- [Input data]
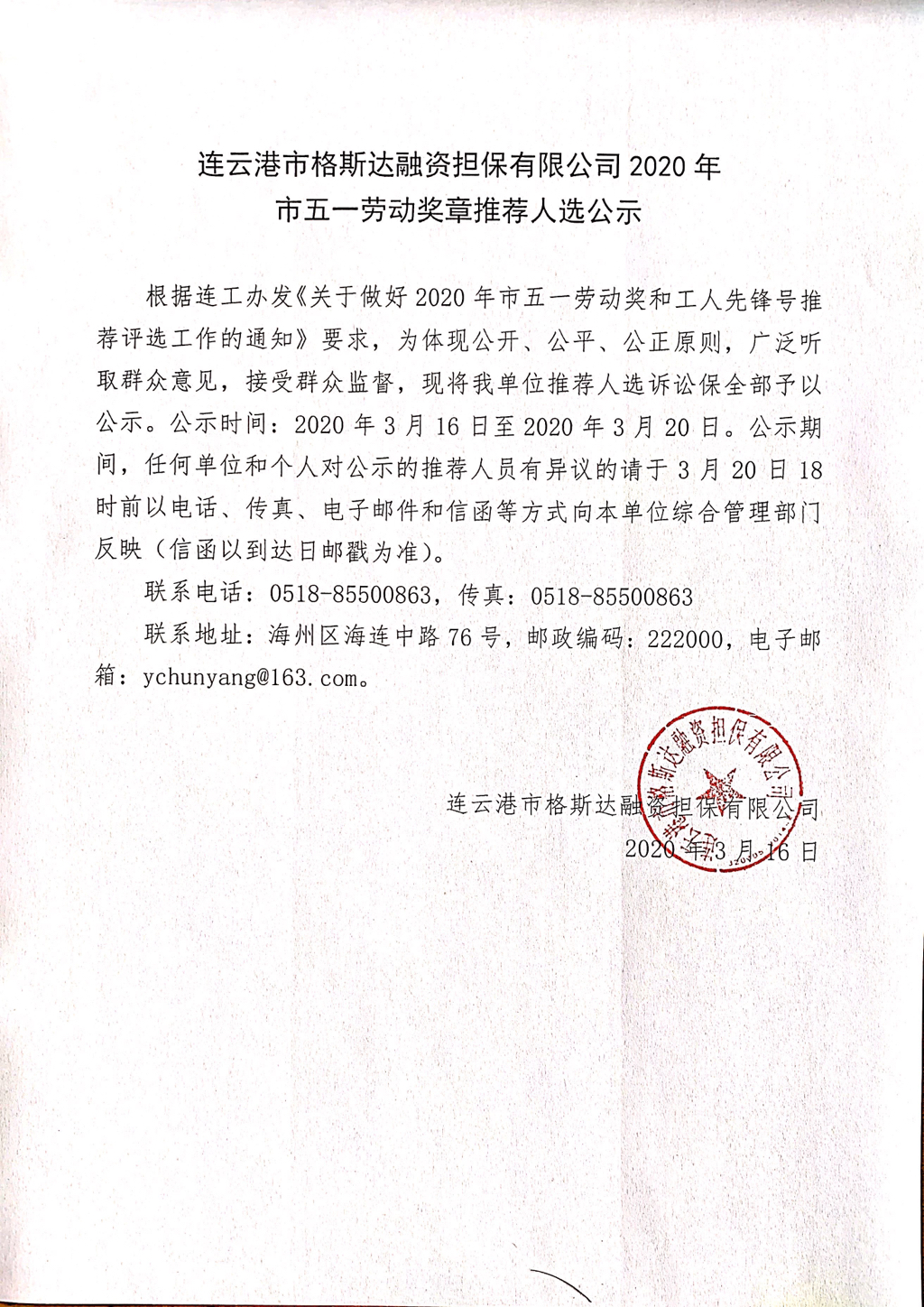 连云港市格斯达融资担保有限公司2020年市五一劳动奖章推荐人选公示
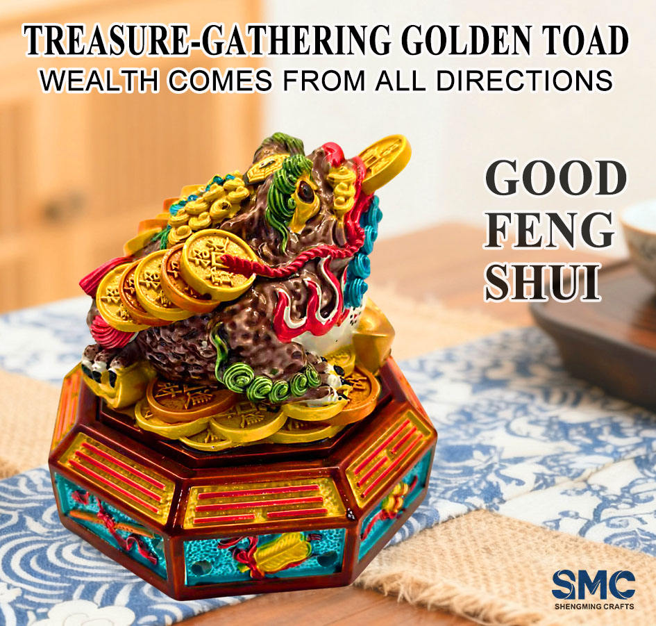 รูปปั้นกบทองเรซิ่น SMC แบบสั่งทำพิเศษ งานศิลปะ 3 มิติ ของตกแต่งบ้าน/สำนักงาน เสริมฮวงจุ้ย เสริมโชคลาภ
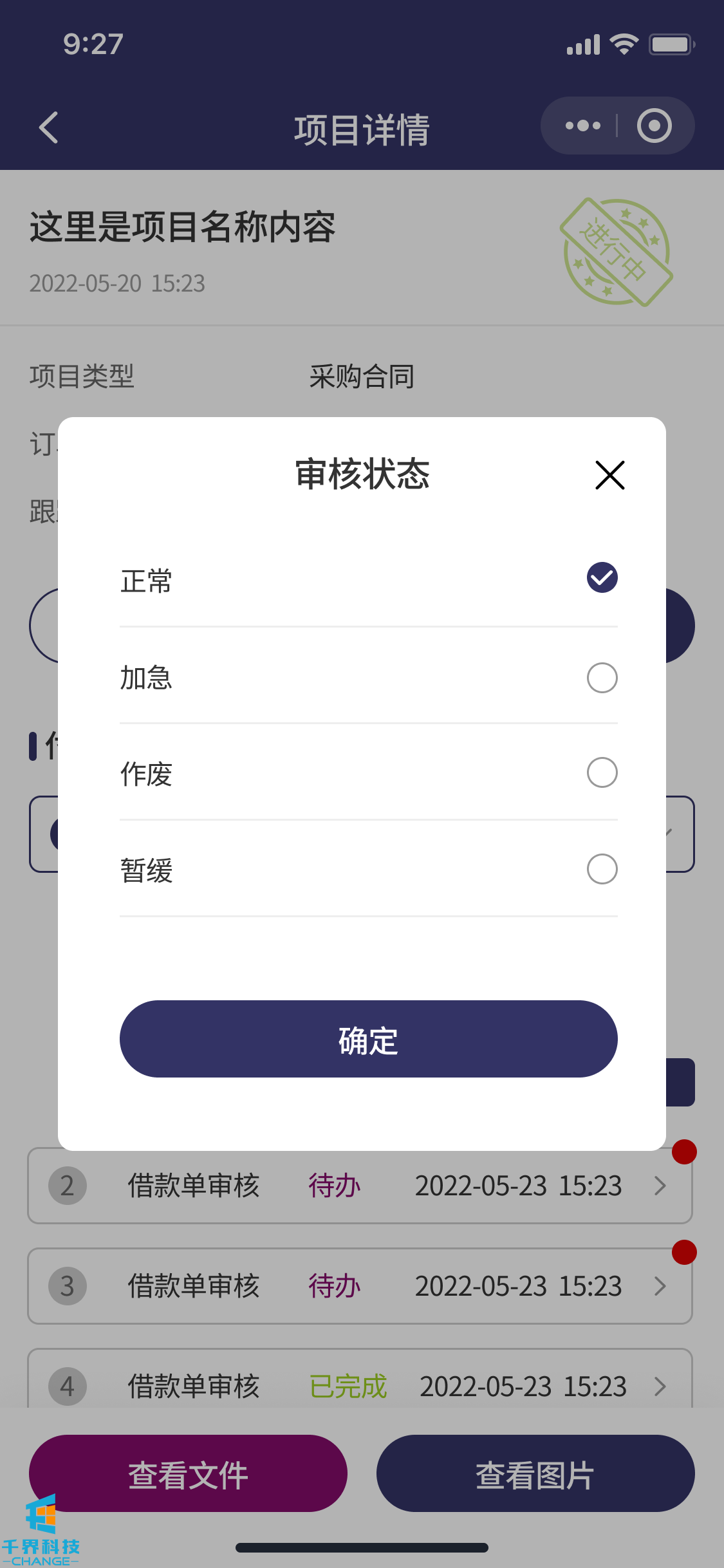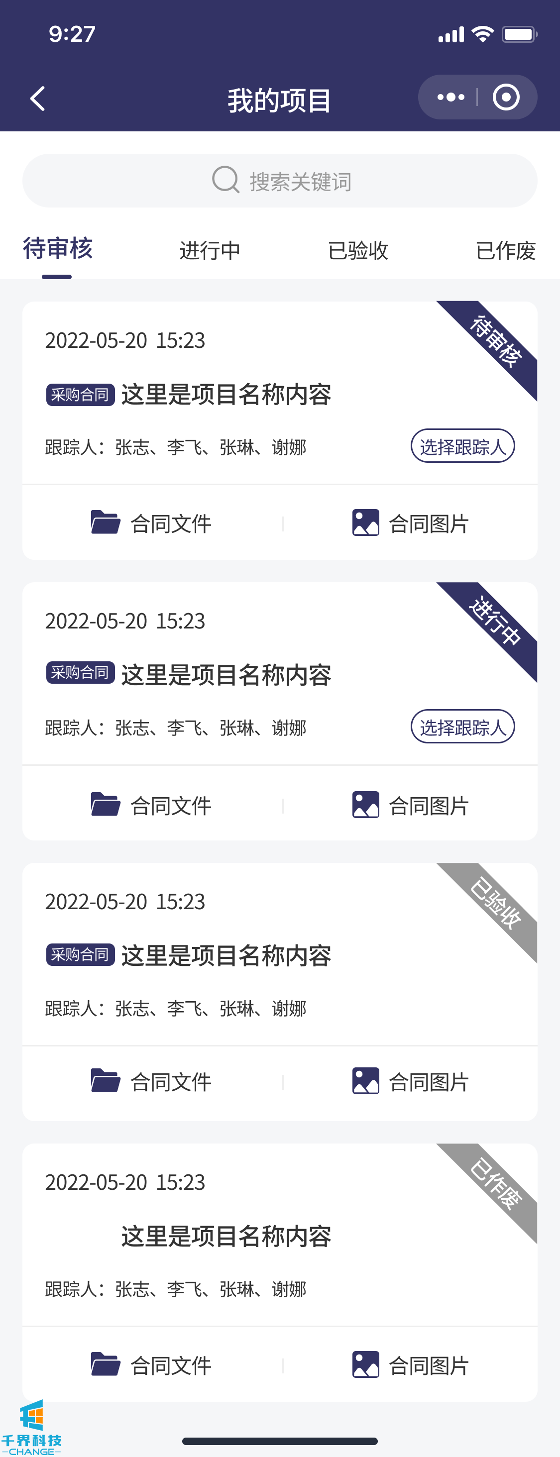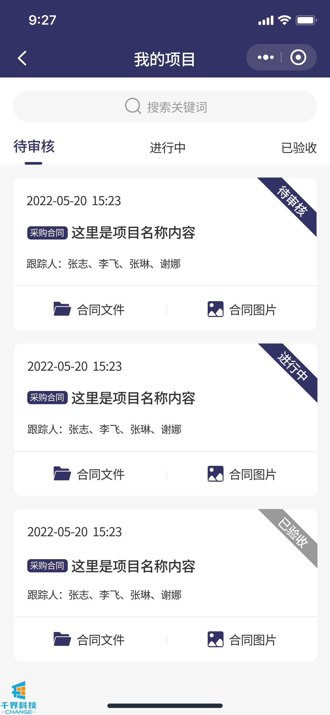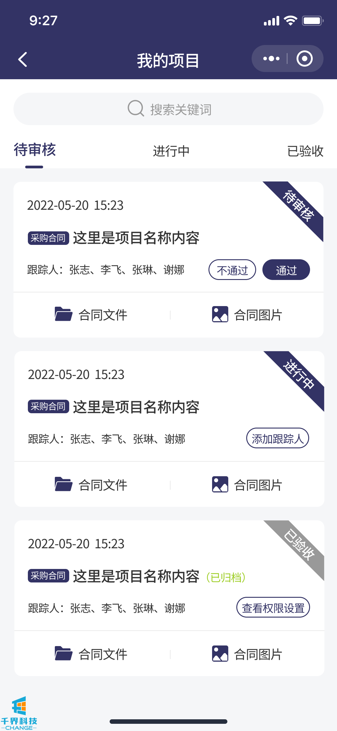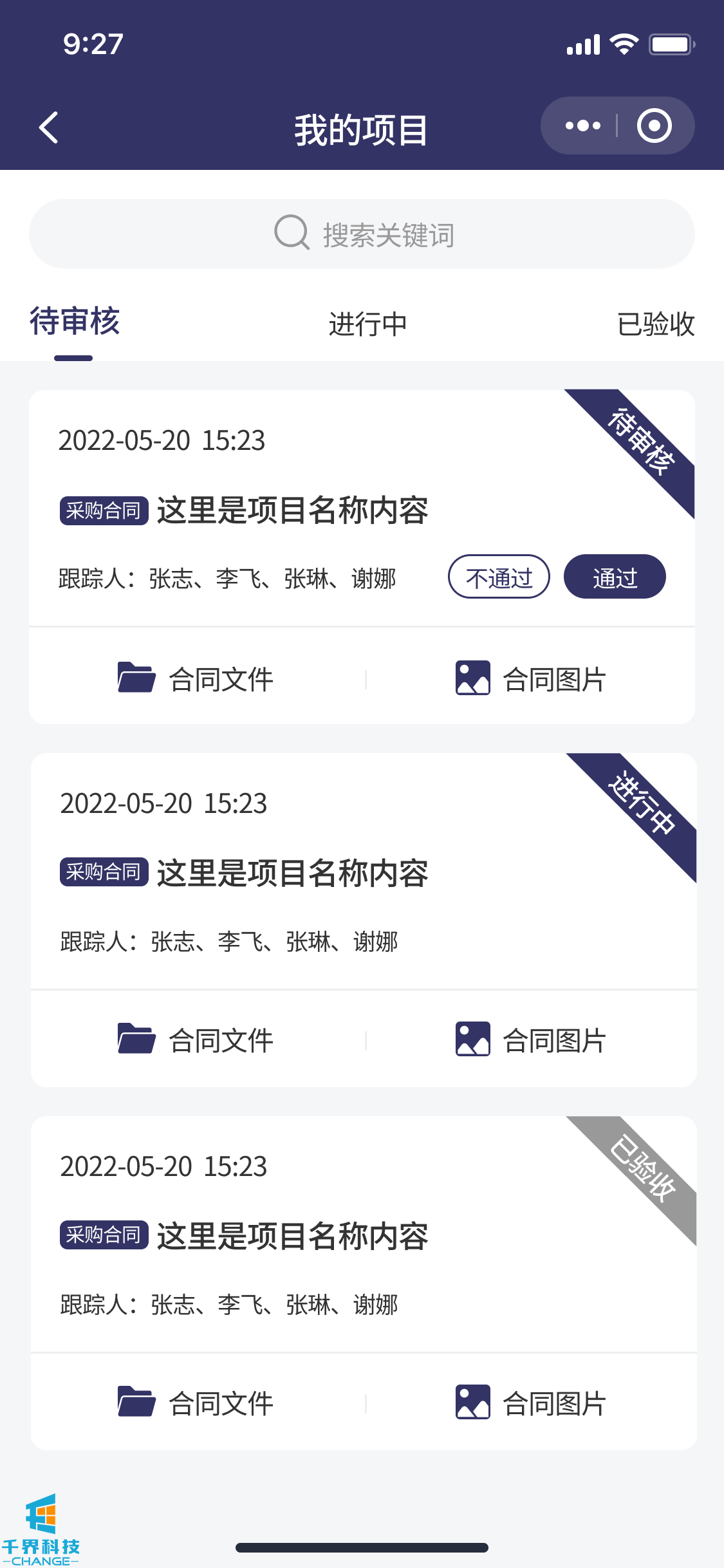 該項目是一個解決企業內部付款審批流程的線上程序。包含了負責人,法務,領導,驗收人員,財務,出納。根據設定的流程依次審批。可以實現多合同,多次付款審批,每次付款記錄多角色審核明細等

- [About this exercise] Restate all of the material above word for word, excluding the pictures.

- [Answer to the problem]
 连云港市格斯达融资担保有限公司2020年市五一劳动奖章推荐人选公示
 รูปปั้นกบทองเรซิ่น SMC แบบสั่งทำพิเศษ งานศิลปะ 3 มิติ ของตกแต่งบ้าน/สำนักงาน เสริมฮวงจุ้ย เสริมโชคลาภ
 該項目是一個解決企業內部付款審批流程的線上程序。包含了負責人,法務,領導,驗收人員,財務,出納。根據設定的流程依次審批。可以實現多合同,多次付款審批,每次付款記錄多角色審核明細等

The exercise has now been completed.